Jacquard's cosim mode runs reactive peripheral models alongside the GPU-simulated design: SPI flash serves firmware, UART decodes serial output, JTAG replays debug sessions, GPIO drives/observes pins, and Wishbone trace captures bus transactions. The architecture evolved organically; this ADR documents the current design, identifies the abstractions emerging from it, and establishes conventions for extending it.

Architecture

Execution domains

Peripheral work splits across CPU and GPU. The boundary follows a simple rule: models that drive input pins (must react to design output each edge) run on the CPU; models that observe output pins (pure consumers of post-simulation state) or exchange data bidirectionally with the design run on the GPU for zero-copy access to the state buffer.

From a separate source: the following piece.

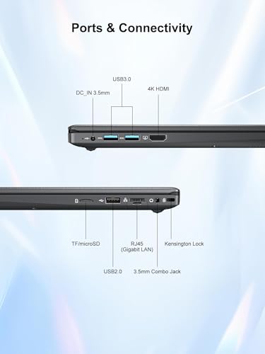 Conectividad y seguridad: equipado con RJ45(Gigabit LAN), HDMI 1.4 (compatible con pantalla externa de 4K a 30Hz), RJ45 (LAN Gigabit), USB 3.0, USB 2.0 y ranura microSD (hasta 512 GB de almacenamiento ampliable). Cuenta con ranura de bloqueo Kensington para seguridad física y conector de audio combinado de 0.138 in para una conectividad versátil
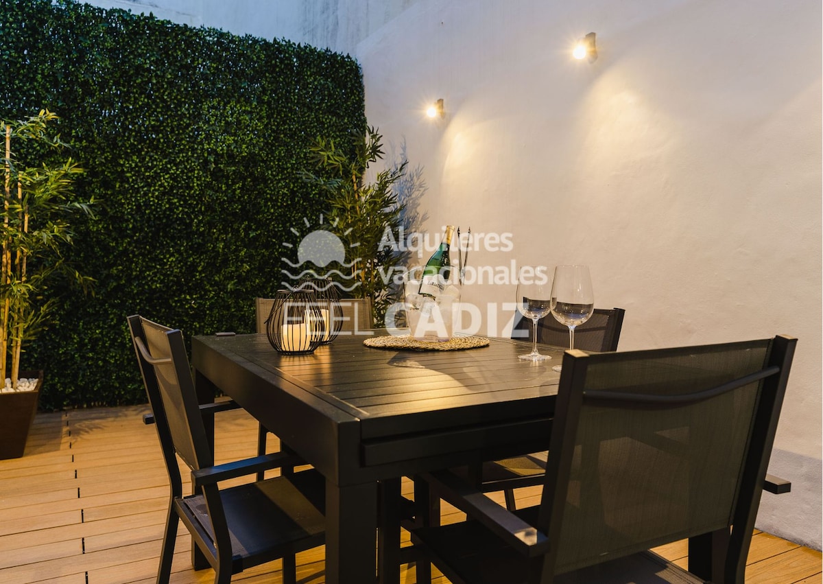 A 3 bedroom traditional apartment that has recently been lovingly refurbished. We kept its traditional charm but added high-end modern features. A large private patio creates a unique space within Cadiz's historic centre. It is our special retreat and we hope you love it as much as we do. Beach / main attractions / restaurants: within 5 min walk you will be able to stroll along the sea front, head to the shops or eat at amazing restaurants (we left a list of our favourites for you).

Some peripherals span both domains. UART has a CPU-side RX driver (feeds bytes into the design's RX input pin) and a GPU-side TX decoder (reads the design's TX output pin).

CPU-side: `PeripheralModel` trait

Defined in src/sim/models/mod.rs:

#![allow(unused)]
fn main() {
trait PeripheralModel {
    fn name(&self) -> &str;
    fn driven_positions(&self) -> &[u32];
    fn apply_action(&mut self, action: &QueuedAction);
    fn step_edge(&mut self, output_state, overrides, emitted); // default: just calls contribute_overrides
    fn contribute_overrides(&self, overrides);
    fn is_active(&self) -> bool; // default: false
}
}

apply_action is how the InputDispatcher feeds queued stimulus commands to models. is_active signals that the model is mid- transmission and needs per-edge granularity (forces batch size to 1). step_edge has a default that just calls contribute_overrides — stateless models (GPIO) only need the latter.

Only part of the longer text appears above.